Page 60 of Hell Hath No Fury (Tear Down Heaven #4)
Lys snorted. “So he’s got child soldiers subjugating their fellow demons while the older ones slave in his forges? Sounds like typical Gilgamesh behavior to me.”
“Do you know what he’s using the forges to make?” Adrian asked as he pushed his way to the front.
General Kirok stiffened when he saw the witch’s mirrored eyes. When Bex made a go on motion with her hands, though, the war demon grudgingly continued.
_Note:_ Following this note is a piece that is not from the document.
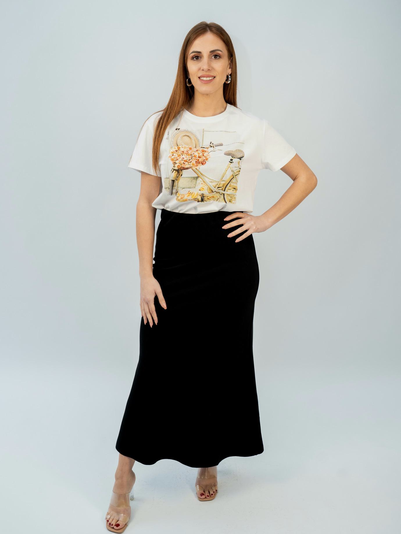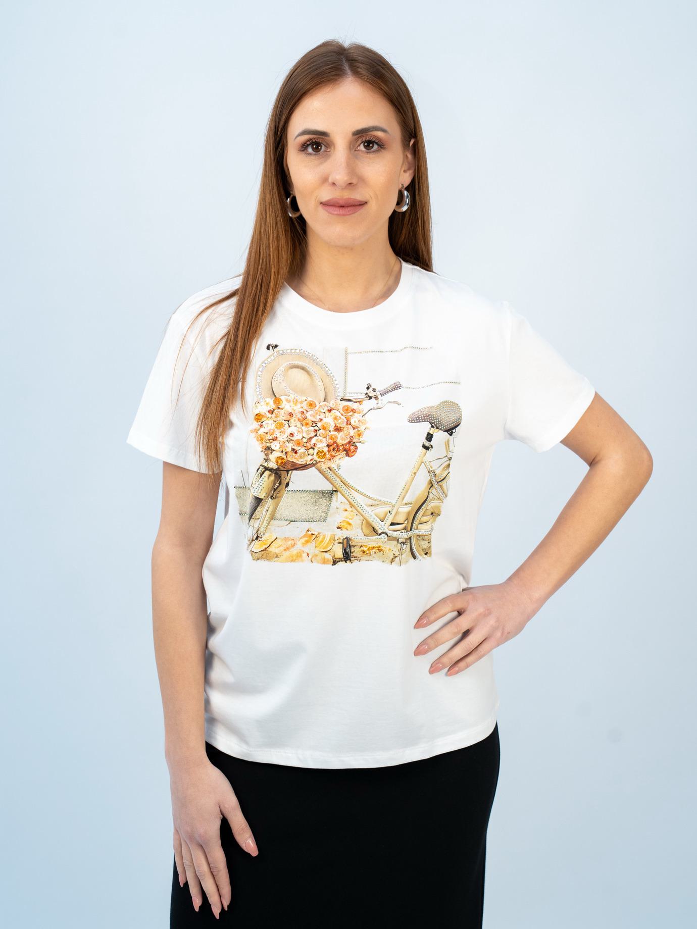 Λευκή μπλούζα βαμβακερό ύφασμα Με τύπωμα ποδήλατο με πορτοκαλί πέρλες και στράς Άνετη γραμμή Σύνθεση προϊόντος: 95% cotton, 5% elast

“According to the soldiers I just spoke to, the Eternal King commanded them to throw out all the sin iron currently in production and restart the forging process over with all new material. That was a week ago, and he’s been working the entire Upper Hells around the clock ever since.
He’s even got war demons delivering the finished ingots to the palace by hand, which is highly unusual.
Unless Gilgamesh needs it shipped to Earth for an Anchor, sin iron is typically kept within the Hells. ”
“I saw them carting it through the streets of the Holy City earlier,” Adrian confirmed, tapping his wooden pinky finger worriedly against his chin.
“I didn’t see where in the palace they were taking it, but I bet if we follow the delivery line to the end, we’ll find Gilgamesh.
He likes to make the important things with his own hands. ”
Kirok’s shoulders had been getting stiffer the whole time Adrian was talking, but that last sentence was apparently the final straw. “How do you know so much about the Tyrant King?”
“Because Gilgamesh forced me to work for him as well,” Adrian replied matter-of-factly.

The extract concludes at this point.